On Israel, the Palestinian Territories and the Doubtful Project of Liberal Peacemaking

I’ve had a bit of self-imposed writer’s block recently. There are things I want to say about the discourse around the Hamas attacks and the Israeli response that are very delicate and which, I fear, will earn me few friends. So, until this morning, I’ve tried very hard not to write them. I’ve now given up on that plan – after all, there’s little point in running an anonymous blog if you can’t say what you think. Before you get angry, note that I am only trying to speak of things as they are, and not as I want them to be. I’ve written this as neutrally as I can.

Most of us live inside liberal (or, increasingly, post-liberal) political systems, and especially since 1990 there is no unified, credible alternative in sight. In consequence, it becomes easy to mistake many contingent ideological constructs for moral principles universal to all of humanity, or even for features of reality. A cluster of these constructs attach to that universal human activity we call war.

Liberalism at least claims to have a deep distaste for war. It has called into being an entire international system of diplomacy and peacekeeping to head off armed hostilities and stop them once they have started. It deplores aggressors and aims to impose an international criminal code on the activities of belligerents, which is designed above all to spare civilian populations and confine armed conflict to soldiers and military infrastructure. Whenever a conflict breaks out, we have long arguments about which party is the aggressor, which party is entitled to defence, which attacks by which party might be justified or excessive, and what kind of peaceful solutions we can impose.

However strange it may be to contemplate, ancient peoples and even many today outside the liberal West thought and think about armed conflict much differently. Specifically, the unspoken assumption that there can be stable political alternatives to war in most or even all instances has become an intriguing Western preoccupation, as is the general notion that war is a thing for international institutions to adjudicate and manage away.

The liberal discourse surrounding war also suffers from some telling internal problems of coherence. Perhaps the greatest of these is that liberal states, insofar as they claim to channel the wishes of the people, inevitably implicate these ‘people’ in their aggression, even as they elaborate a legal and moral system premised on shielding civilians. I think much liberal anxiety about war crimes and atrocities arises from this central tension.

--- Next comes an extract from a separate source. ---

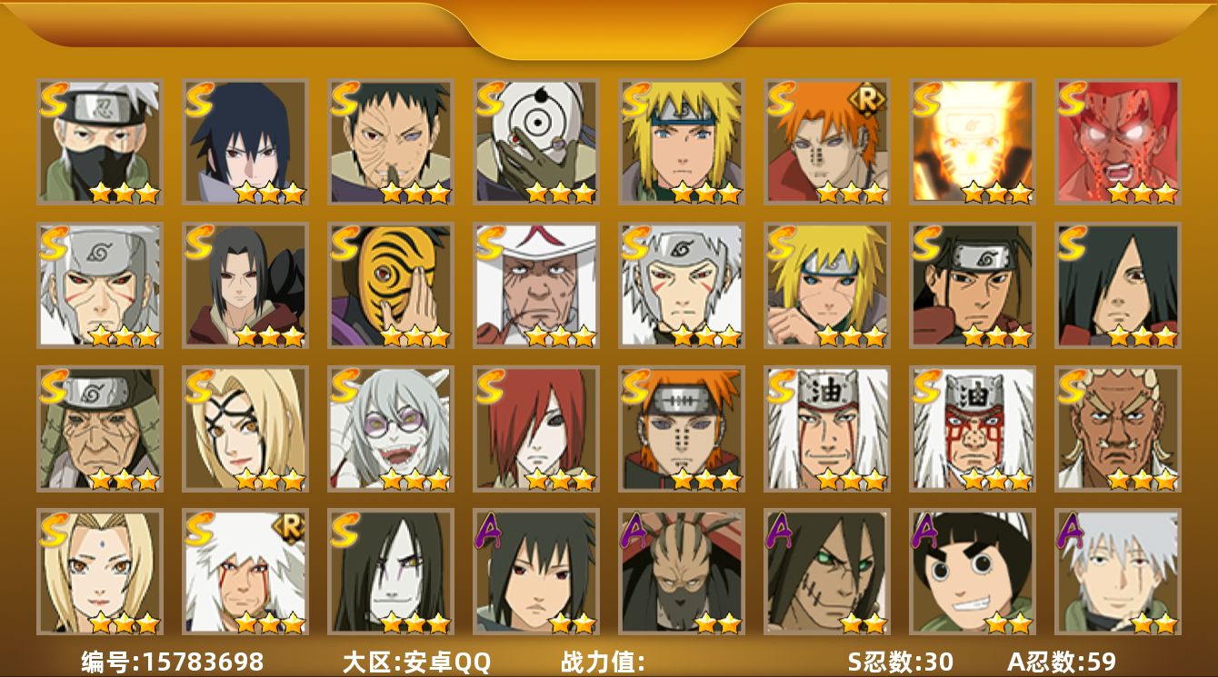【S级忍者】:长门「秽土转生」(4星),猿飞日斩「秽土转生」(3星),波风水门「秽土转生」(3星),千手扉间「秽土转生」(3星),宇智波鼬「秽土转生」(3星),宇智波带土「忍界大战」(3星),宇智波鼬「须佐能乎」(4星),旗木卡卡西「须佐能乎」(3星),艾「四代目雷影」(3星),自来也(3星),自来也「仙人模式」(3星),自来也「舞之豪杰」(3星),大蛇丸(4星),自来也「传说中的三忍」(3星),纲手(5星),纲手「百豪」(3星),千手柱间(3星),千手扉间(3星),猿飞日斩(5星),宇智波斑(3星),波风水门(4星),药师兜「仙人模式」(3星),神秘面具男(3星),漩涡鸣人「九喇嘛连结」(3星),迈特凯「死门」(3星),佩恩「天道」(4星),佩恩·天道「超」(3星),宇智波佐助「永恒万花筒」(3星),宇智波斑 「白面具」(3星宇智波斑「白面具」),波风水门「九喇嘛连结」(3星)

Nor can it be said that liberal states never target civilians with measures ranging from sanctions to bombardment; they do so routinely, and there is much to recommend the ‘realist’ thesis that their behaviour hardly differs from that of illiberal nations. If anything, ascendant liberal states may be even more aggressive than we’d otherwise expect. Because they regard the right to self-determination and democracy as the most urgent moral principles, prior to all other politics, liberalism itself can become a casus belli justifying all manner of brutality. The 2003 Iraq War is a shining example.

For these and other reasons, it is hard to see talk of war crimes and human rights violations as the pure expression of a high-minded liberal morality which has civilised itself beyond the point of needing war. On the contrary, this kind of rhetoric often resembles little more than convenient accusations levelled opportunistically at enemies. It helps that liberal norms regarding warfare have a remarkable flexibility which suits them for this purpose. Many of the arguments against the Russian invasion of Ukraine, for example, can be redeployed against the Kiev regime simply by adopting the perspective of the pro-Russian peoples of the Donbas instead. Or, lest you think I am too partisan to be objective in this case, consider an example nearer to (my) home: Now that recession has made Germany desperate as never before for good economic relations with China, EU sanctions for Chinese human rights abuses in Xinjiang have become inconvenient. Thus we are provided long and learned investigations of the Islamic terror campaigns waged by the Uyghurs between 2010 and 2016 and the justified nature of Chinese security concerns in the region.1

While it is totally understandable to oppose death and destruction, I am pessimistic that the liberal order always has good solutions, and I think invoking liberal rhetoric to justify or defend specific parties in a conflict is generally unhelpful. Since this rhetoric can excuse or condemn almost anybody, it frequently tends to do little more than support the interests of dominant liberal powers.

None of this is to say that this liberal rhetoric doesn’t matter. In all those lands subject or peripheral to American liberal hegemony, liberal appeals can be very powerful, even when raised by parties which do not seem especially inclined to liberalism themselves. (The universal nature of liberal claims makes the system entirely open to instrumentalisation of this nature.) The Palestinians and their supporters have used these appeals to defend themselves and confine the options of Israel since at least 1948. In this environment, parties like Hamas even benefit from provoking Israeli retaliation. ‘Terrorism’ is an imprecise term for many things, but an important subset of the activity gathered under this heading appears to exist in complex symbiosis with core liberal attitudes regarding armed conflict.